2017 Econometrics Course
Winter/Spring 2019 schedule to be announced. Archived 2017 course materials listed below.
- February 1, 2017
Econometrics Course: Introduction and Identification
Todd Wagner, Ph.D. | Slides| Video
The objective of this class is to introduce participants to the course. We start by briefly describing a randomized trial and the leverage of experimental design to understand causation. We then transition into understanding causal pathways when experimentation isn't possible. We introduce the concept of endogeneity and walk participants through the elements of an equation, as these equations often come up in other classes. Finally, we discuss the five main assumptions underlying the classic linear model, setting the stage for future classes.
This lecture will provide a conceptual framework for research design. We will review the linear regression model and define the concepts of exogeneity and endogeneity. We will then discuss three forms of endogeneity: omitted variable bias, sample selection, and simultaneous causality. The discussion will include examples and a brief overview of possible solutions.
Understanding causation with observational data is often more dependent on what we don't observe than what we do observe. Multivariate techniques can be very useful for understanding observed characteristics. Propensity scores have emerged over the past 20 years as another way to control for observables. We describe the concepts behind propensity scores and how they have been used (and misused) in practice. Finally, we work through an example using propensity scores.
- March 1, 2017
Natural Experiments and Difference-in-Differences
Christine Pal-Chee, Ph.D. | Slides| Video
Natural experiments have been increasingly utilized by researchers in recent years. In this lecture, we will define what a natural experiment is and describe different types of natural experiments. We will also provide an overview of the difference-in-differences estimator and discuss how it can be used to evaluate treatment effects in natural experiments. Finally, we discuss potential threats to validity when evaluating natural experiments.
This lecture will provide an introduction to instrumental variables (IV) regression. We will discuss necessary conditions for valid instruments, the intuition for how and why IV regression works, examples, and limitations.
This is an overview of mixed effects models. The models go by many names: multi-level, random effects, mixed, random coefficient, hierarchical, and repeated measures. We will begin by describing how mixed effects models are related to other statistical models. Real-world applications will be used as examples to demonstrate model fitting and estimation and interpretation of estimates. Finally, we will address how statisticians think about mixed effects models and how this can differ from an economist's perspective.
Standard introductions to the ordinary least squares (OLS) model pay limited attention to the right hand side variables. Several strong assumptions are made about the independent variables, including linearity and independence, that don't always hold in health applications. This lecture will address some of the common problems with right hand side variables and introduce methods to test for and to correct these problems. Issues to be addressed include non-linearity and functional form, multicollinearity, clustering and robust standard errors.
The ordinary least squares (OLS) model is based on a continuous dependent variable. This lecture will introduce some of the methods available to treat other forms of dependent variables. Topics will include dichotomous (yes/no) outcomes, count data models, and choice models.
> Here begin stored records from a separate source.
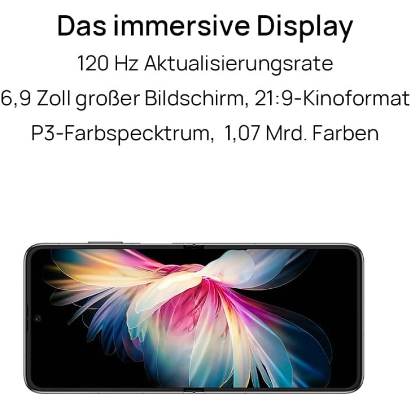 令人难以置信的视野:6.9英寸主显示屏上的21:9的比例让您沉浸在所看到的东西中。 由于屏幕刷新率为 120 Hz ,因此没有任何判断。 P3 广谱色彩包含超过 10 亿种颜色,确保逼真的颜色和图像。 由于纳米光学涂层,令人讨厌的反射不再是问题。 高频 PWM 1440 Hz 调光控制确保即使在低光照条件下也能舒适地观看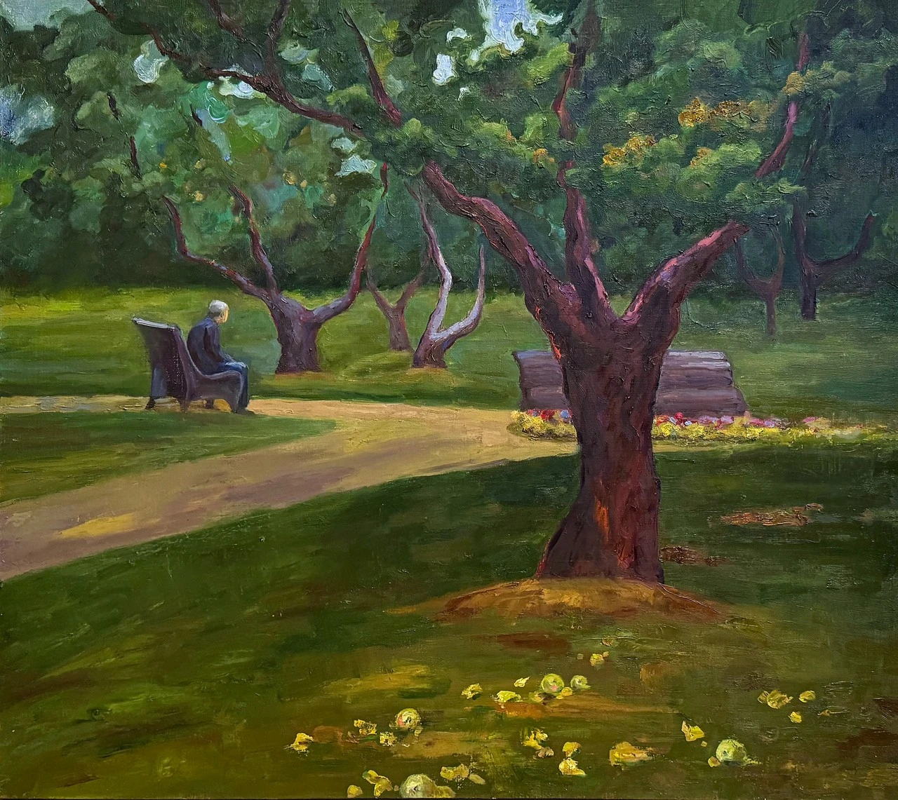 Парк Коломенское застыл в самом начале осени — момент, когда природа находится в состоянии хрупкого равновесия. В еще теплый день, наполненный сладким ароматом падающих яблок, время будто замедлило свой ход, позволяя проникнуться атмосферой ускользающей красоты. В центре сцены — пожилой мужчина, одиноко сидящий на скамье среди деревьев, чьи ветви уже предвещают грядущее опадение листвы.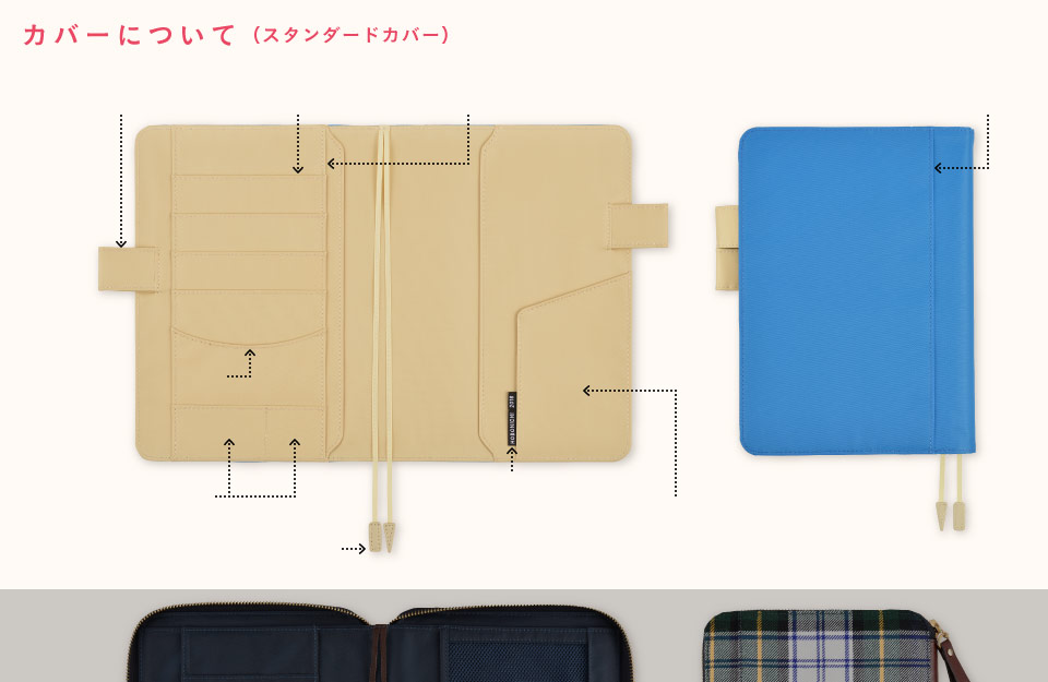 ほぼ日手帳の印である「HOBONICHI」のロゴが、 それぞれのカバーにタグとしてついています。

Statistical analysis of health care cost is made difficult by two data problems. Some patients incur disproportionate costs, a statistical property called skewness. Other patients incur no cost at all; the distribution is truncated. As a result of these problems, it is rarely a good idea to analyze cost using the classic linear statistical model, ordinary least squares (OLS). Transforming cost by taking its log results in a variable that is more normally distributed, allowing use of an OLS regression. The parameters from this regression have a natural interpretation as the proportionate effect of a unit change in the independent variable on cost. Care must be used when predicting costs from a model based on the log of costs. Log models have other limitations. The most important of these is that they should not be used when there are many zero cost observations in the data.
Health care cost can be difficult to analyze. In addition to skewness and truncation, the variance in cost data may be correlated with one of the predictor (independent) variables, a problem called heteroscedasticity. As a result of these problems, ordinary least squares (OLS) regression models may generate biased regression parameters and inaccurate predictions. Generalized linear models (GLM) are an important alternative. A GLM include a link function and a variance structure. These are identified using specific tests. Another alternative is a two-part model, which can be used to analyze data with many observations in which no cost was incurred. Non-parametric tests can be used to compare the cost incurred by two or more groups. Although they have the advantage of not requiring any assumptions about the statistical properties of the cost variable, they can be too conservative, and they do not allow the analyst to control for the effect of other factors.